Tuesday, August 7, 2018

52 Ancestors in 52 Weeks - Independence

This post is part of Amy Johnson Crow's 52 Ancestors in 52 Weeks for 2018. The prompt for the week of July 2, 2018, is Independence.

I thought I’d write about one of my Revolutionary War ancestors, my maternal 5th great grandfather George Wyche, to learn his role in the war. 

According to an approved Sons of the American Revolution (SAR) application submitted by one of my Pendleton/Young cousins (digital copy on ancestry.com), George Wyche was “one of 45 deputies assembled in Provincial Congress at Savannah, Jan. 18, 1775.” George was elected as a field officer of the Lower Battalion for Richmond County and Augusta District. He was a Colonel, and his commission was dated June 15, 1779. 
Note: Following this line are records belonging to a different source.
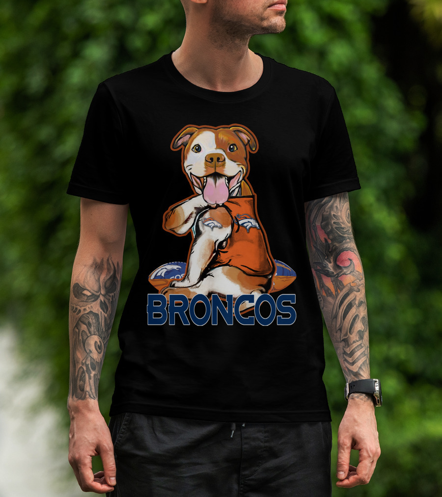 Pittbull Wearing Denver Broncos Jersey With Football And Broncos Text T-Shirt
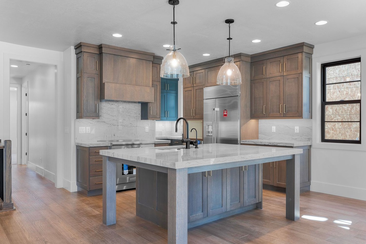 Waterfall IslandLarge IslandPendant LightingStainless Steel AppliancesOpen ConceptCrown MoldingRecessed LightingStatement LightingTeal Accent TowerBlack FaucetHigh Ceilings
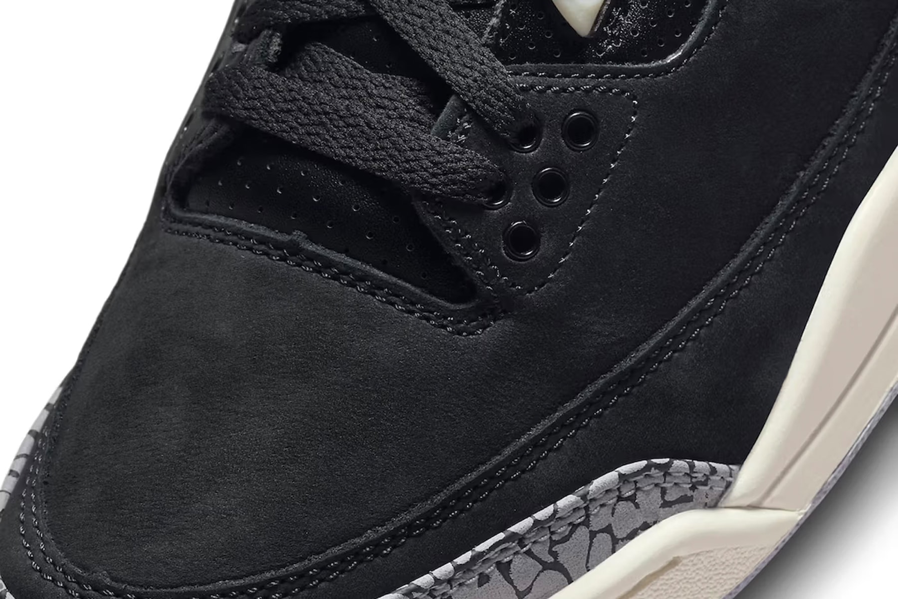 Air Jordan 3 全新配色「Off Noir」于今年 3 月首度曝光,今番正式公开官方图辑、发售情报。 「Off Noir」结合黑、椰奶白与水泥灰色中性色调,令人想起「Oreo」配色方案美学。此鞋的鞋面由黑色绒面革与穿孔皮革混合组成,鞋尖与护边使用灰色爆裂纹元素呈现,搭配椰奶白色中底与黑色凸出 Jumpman 与「AIR」字体标志,散发出一丝复古怀旧氛围。 Air Jordan 3 全新配色「Off Noir」将于 11 月 15 日登陆 Nike 官网,售价为 $200 美元,有兴趣的读者不妨多加留意。 |

The SAR application notes that two months later, on August 14, 1779, the Lower Battalion was ordered to join Col. Few and “proceed to the Western frontier (where George Wyche was placed in command).” I looked up Col. Few online to see if I could find what George may have participated. There were two Few brothers in the Revolution, Benjamin and William. According to the Georgia Encyclopedia, Col. William Few fought in the Battle of Burke County Jail, but that battle took place on January 26, 1779, several months before George joined "Col. Few." Benjamin Few commanded the Richmond County regiment. I don't know what Benjamin's rank was in the regiment, but perhaps higher than a colonel? 
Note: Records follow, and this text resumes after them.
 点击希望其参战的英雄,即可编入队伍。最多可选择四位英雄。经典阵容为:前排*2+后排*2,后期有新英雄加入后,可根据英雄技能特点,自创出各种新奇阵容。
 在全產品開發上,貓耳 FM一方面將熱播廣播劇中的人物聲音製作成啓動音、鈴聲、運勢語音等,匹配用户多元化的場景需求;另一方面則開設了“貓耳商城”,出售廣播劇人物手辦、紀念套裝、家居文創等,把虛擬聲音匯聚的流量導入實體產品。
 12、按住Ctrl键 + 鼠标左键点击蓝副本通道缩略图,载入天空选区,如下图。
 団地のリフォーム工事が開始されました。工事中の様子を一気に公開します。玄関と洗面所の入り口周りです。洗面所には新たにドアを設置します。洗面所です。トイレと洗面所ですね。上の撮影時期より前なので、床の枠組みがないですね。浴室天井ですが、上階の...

The SAR application also says: “The name of George Wyche, officer of Richmond Co. appears on the roll of honor among a list of 42 leading men of Georgia, after the capture of Savannah.” The British had overrun Savannah in December 1778. Colonial forces fought to retake the city from September to December 1779 but failed. I wonder if George fought in this battle. The British held onto to Savannah until 1782 just before the war ended.
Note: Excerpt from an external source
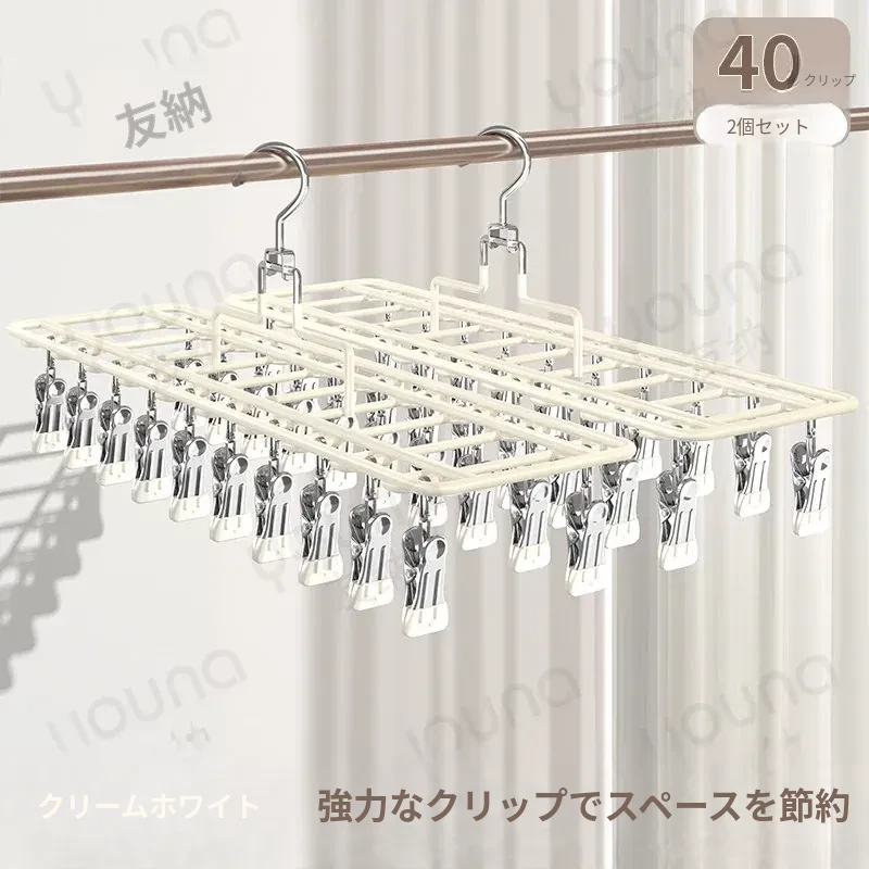 クリームホワイトのダブルライン【2個40クリップ】強力なクリッピング力⭐錆びた場合は補償⭐厚手で幅広

I wasn’t able to find any records of George’s service on fold3.com. There may not be any original records left, and I know not everything has been digitized.

I usually go more in depth than this when figuring out an ancestor's role in a war, but I will have to leave this research about George for another day.


Sunday, August 5, 2018

52 Ancestors in 52 Weeks - Black Sheep

This post is part of Amy Johnson Crow's 52 Ancestors in 52 Weeks for 2018. The prompt for the week of June 25, 2018, is Black Sheep.

I hate to call anyone in my family a black sheep. We’ve all made mistakes and have our own failings. But if I were to pick a person, I suppose it’d be my paternal great uncle Hoyt Henry Brown. Actually, I don’t think of him as a black sheep (unless I find out otherwise). I think of him as a rouge for leaving behind a wife and daughter in England. My dad mentions this in his memoirs, and that Hoyt's wife had written to Hoyt's mother Hattie looking for him. Then I found out recently from Hoyt's grandson that he also had son with his English wife. (This grandson is the son of Hoyt's son.)

Hoyt was my grandmother Helen’s twin brother. He was a merchant marine, which says to me that he was adventurous, while his whole family stayed close to home in north Florida and south Georgia. I get the impression from my dad’s memoirs that my great uncle was fun-loving, loud, physically strong, a drinker, and life of the party, and I think he was probably very charming. My dad wrote that Hoyt "always seemed a rebel" and was "always the topic of hushed conversation." I’ve wondered if there were other women and children elsewhere in the world, near the ports where he stopped. 

My paternal great uncle Hoyt Henry Brown.
I don't know where or when this photo was taken.
And I don't remember which cousin sent it to me!
 I apologize to that cousin for my faulty memory.

I've wondered if Hoyt and Helen and their siblings (Lucy Belle, Lavada, and Elliot) had a very stable home life growing up in Pensacola, Florida. Traveling as a merchant marine may have been Hoyt's method of getting away from whatever was going on. Although, he did end up settling in Pensacola.

I’ve written about the death of Hoyt's mother (my great grandmother): Fearless Females: The Tragic Death of Hattie Finney Brown, and about their father: 52 Ancestors in 52 Weeks - #23 Henry Washington Brown

All families have their issues and dysfunctions. I don't care how "perfect" they appear on the outside. I believe that how we’re nurtured (as well as our nature) shapes our lives. And sometimes in families there's at least one child who has trouble finding their way (to put it nicely). Out of Hoyt and his siblings, he seems to be the one.